If you must use regex then this could be an option:
import re
pattern1 = re.compile(r"<word>.*?'NOUN'</pos>",re.MULTILINE | re.DOTALL)
pattern2 = re.compile(r"'NOUN'</pos>(.*)$", re.MULTILINE |re.DOTALL)

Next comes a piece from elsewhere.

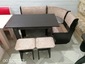 Состоит из углового кухонного дивана, обеденного стола и двух мягких табуретов. Под сиденьем находятся ящики для хранения. Универсальная сборка - право/лево.

reobj = pattern1.search(texttag)
text = "<chap1>\n<head>"
text += reobj.group() + "\n</head>\n"
text += pattern2.findall(texttag)[0]
text += "\n</chap>\n"
print(text)
Dumas_XML.write(text)
output:
<chap1>
<head><word>'CHAP'</word><pos> 'ADJ'</pos>
<word>'.'</word><pos> 'PUNCT'</pos>
<word>'Ier'</word><pos> 'NOUN'</pos>
</head>
<word>'\n'</word><pos> 'SPACE'</pos>
<word>' '</word><pos> 'SPACE'</pos>
<word>'Marseille'</word><pos> 'PROPN'</pos>
<word>'.'</word><pos> 'PUNCT'</pos>
<word>'L’'</word><pos> 'PROPN'</pos>
<word>'arrivée'</word><pos> 'NOUN'</pos>
<word>'\n'</word><pos> 'SPACE'</pos>
<word>'\n'</word><pos> 'SPACE'</pos>
<word>' '</word><pos> 'SPACE'</pos>
<word>'Le'</word><pos> 'DET'</pos>
<word>'24'</word><pos> 'NUM'</pos>
<word>'février'</word><pos> 'NOUN'</pos>
<word>'1815'</word><pos> 'NUM'</pos>
</chap>
Is that close to what you are looking for?